Diabetes classification was based on hyperglycemia (fasting plasma glucose ≥126 mg/dL), HbA1c ≥ 6.5% or self-report, and pre-T2D as HbA1c 5.7–6.49% [17]. Macro- and micro-vascular pathologies were self-reported. The frequency of alcohol consumption and the average number of alcoholic drinks consumed in a typical day were established using validated questions described previously [18]. Alcohol excess was defined as drinking ≥7 drinks/episode at least weekly or binge drinking (≥10 drinks/episode at least twice a month), and alcohol abuse was defined as consumption of more than 7 drinks per day on a daily basis.

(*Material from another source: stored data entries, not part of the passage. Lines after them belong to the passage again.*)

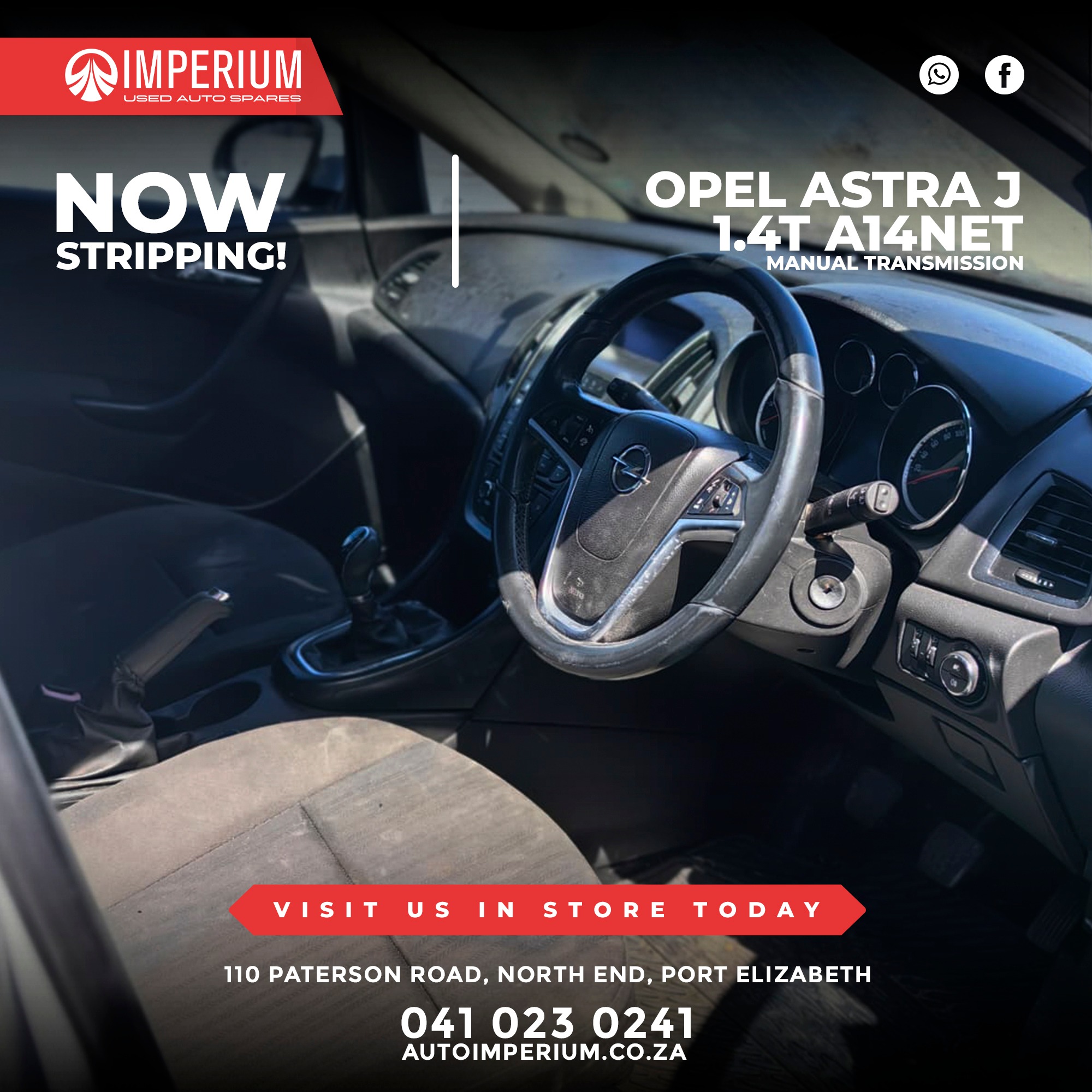 This Opel Astra J 1.4T is currently being stripped for used parts. A wide range of original Opel components will be available, ideal for repairs or replacements.
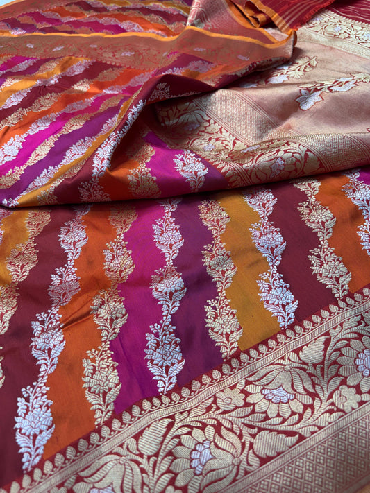 Pure Banarasi Katan Silk Kadhwa Rangkaat Saree
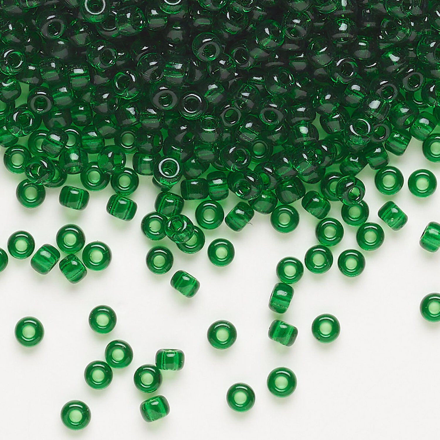 Seed bead, Miyuki, glass, pkg/50g, #8 rocaille, transparent green (RR-146).
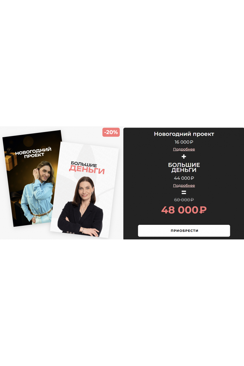 Если вы хотите начать год с ясности, внутренней силы и чётких шагов как измениться, чтобы зарабатывать больше денег — этот дуэт для вас. Фундаментальная программа «Большие деньги» для масштабирования личности и карьеры. А новогодняя программа поможет вдохнуть волшебное и создаст пространство для чуда.
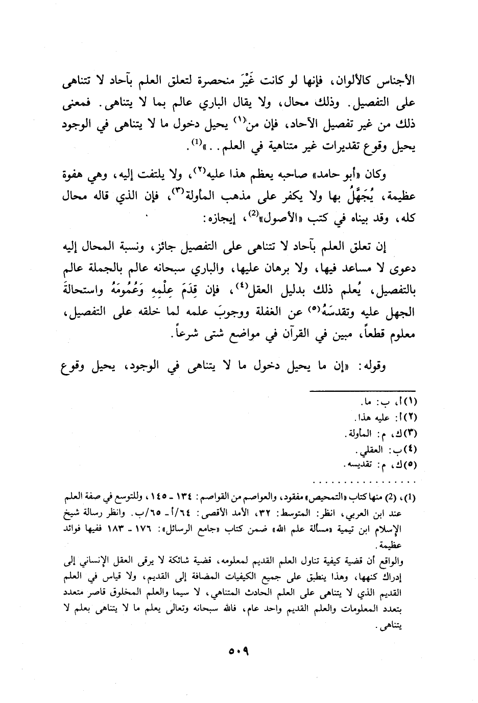 (¬1) منها كتاب "التمحيص" مفقود، والعواصم من القواصم: 134 - 145، وللتوسع في صفة العلم عند ابن العربي، انظر: المتوسط: 32، الأمد الأقصى: 64/ أ- 65/ ب. وانظر رسالة شيخ الإِسلام ابن تيمية "مسألة علم الله" ضمن كتاب "جامع الرسائل": 176 - 183 ففيها فوائد عظيمة.
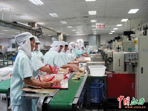 在上工前,工人們要經過三道清潔關的檢驗,方可入內操作。(江西網 王建亮 攝)
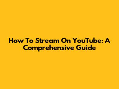 How To Stream On YouTube: A Comprehensive Guide

Drug use was based on self-reported use of injectable or non-injectable illicit drugs at least twice per week. Latent TB infection (LTBI) was based on QuantiFERON-Gold In-Tube (Qiagen). Plasma LDL cholesterol (LDL-c) was measured in South Africa, and calculated for Texas [Total cholesterol - HDL-c - (Triglycerides *0.20)] [19]. Insulin resistance was based on the homeostasis model assessment (HOMA-IR) [fasting plasma glucose (mM)*fasting serum insulin (mU/L)/22.5] on participants who did not use insulin [20].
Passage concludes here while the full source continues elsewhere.